## Deep learning regression for attendance prediction

In [1]:
import datetime
import warnings
# warnings.simplefilter("ignore", UserWarning)
import pandas as pd
import numpy as np
import torch
import torch.nn as nn
import torch.nn.functional as F
from torch import optim
from torch.utils.data import DataLoader, Dataset
from sklearn.preprocessing import OneHotEncoder
import random
from tqdm.autonotebook import tqdm
from sklearn.preprocessing import StandardScaler

## Setup dataset and collate function code

In [5]:
class BaseballDataset(Dataset):
    def __init__(
        self,
        split: str,
    ):
        assert split in ["train", "test"], "Invalid split"
        self.df = pd.read_csv(f"models-v2-lle//{split}set_w_lle.csv")
        # self.df = pd.read_csv(f"statistical-learning/processed_{split}.csv")
        number_col = ['previous_5_to_10MA']
        xscaler = StandardScaler().fit(self.df[number_col])
        self.df[number_col] = xscaler.transform(self.df[number_col])
        self.df.drop(['venue', 'start_hour', 'start_time', 'game_page_url', 'wind_speed'], axis=1, inplace=True)
        self.df = pd.get_dummies(self.df, columns=['team1_name', 'team2_name', 'season_type'])

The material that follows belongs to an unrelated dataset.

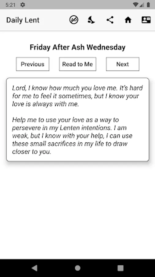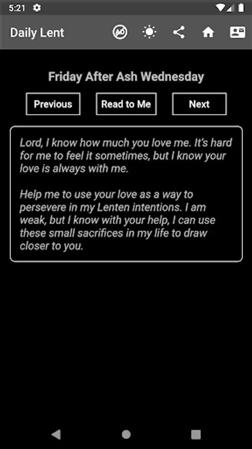 - Quick access to a series of daily prayers to help you deepen your relationship with God.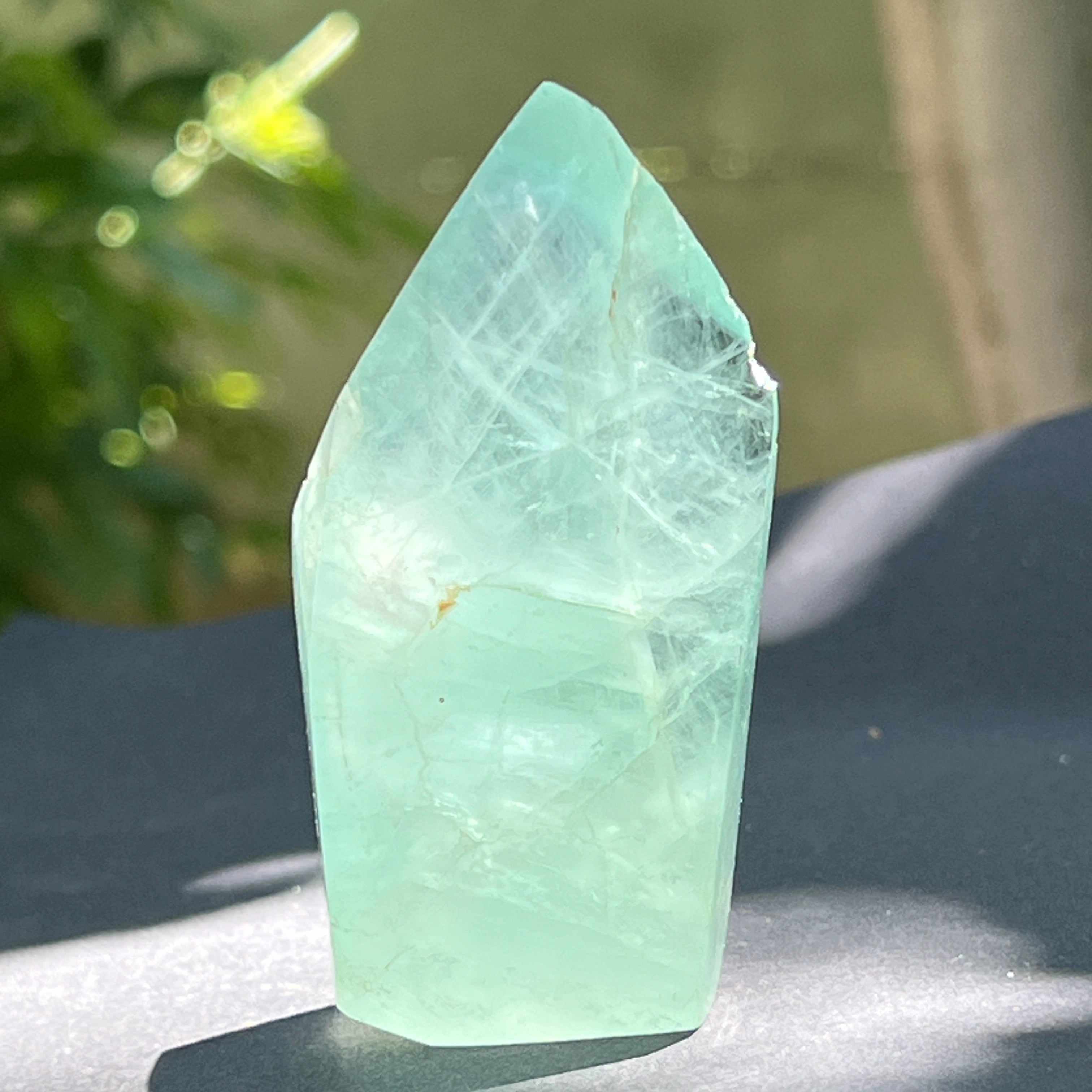 Зеленият флуорит балансира сърдечната чакра и помага за подобряване на междуличностните отношения. Той свързва ума и сърцето, за да внесе баланс между мислите и емоциите.

        self.split = split

    def __len__(self):
        return len(self.df)

    def __getitem__(self, index):
        row = self.df.iloc[index]
        return {
            "y": row["attendance"],
            "x": list(row.drop("attendance")),
            # "x": list(ret.values()) + venue,
        }


def collate_fn(batch):
    y = [data["y"] for data in batch]
    x = [data["x"] for data in batch]

    return {
        "x": torch.Tensor(x),
        "y": torch.Tensor(y),
    }

In [6]:
dataset = BaseballDataset(split="train")
len(dataset.__getitem__(1000)["x"])

107

### Configure model

In [7]:
class Net(nn.Module):
    def __init__(self):
        super().__init__()
        self.fc1 = nn.Linear(107, 1024)
        self.fc2 = nn.Linear(1024, 512)
        self.fc3 = nn.Linear(512, 128)
        self.fc4 = nn.Linear(128, 1)
        nn.init.xavier_uniform_(self.fc1.weight)
        nn.init.zeros_(self.fc1.bias)
        nn.init.xavier_uniform_(self.fc2.weight)
        nn.init.zeros_(self.fc2.bias)
        nn.init.xavier_uniform_(self.fc3.weight)
        nn.init.zeros_(self.fc3.bias)
        nn.init.xavier_uniform_(self.fc4.weight)
        nn.init.zeros_(self.fc4.bias)

    def forward(self, x):
        x = F.relu(self.fc1(x))
        x = F.relu(self.fc2(x))
        x = F.relu(self.fc3(x))

        return self.fc4(x)

## Set up for training

In [85]:
class cfg:
    epoch = 20
    lr = 2e-3
    weight_decay = 0
    batch_size = 32
    random_seed = 1

In [86]:
torch.manual_seed(cfg.random_seed)
torch.use_deterministic_algorithms(True)
net = Net()
loss_fn = nn.L1Loss()
optimizer = torch.optim.AdamW(net.parameters(), lr=cfg.lr, weight_decay=cfg.weight_decay)
# optimizer = torch.optim.SGD(net.parameters(), lr=cfg.lr)

train_dataset = BaseballDataset(split="train")
test_dataset = BaseballDataset(split="test")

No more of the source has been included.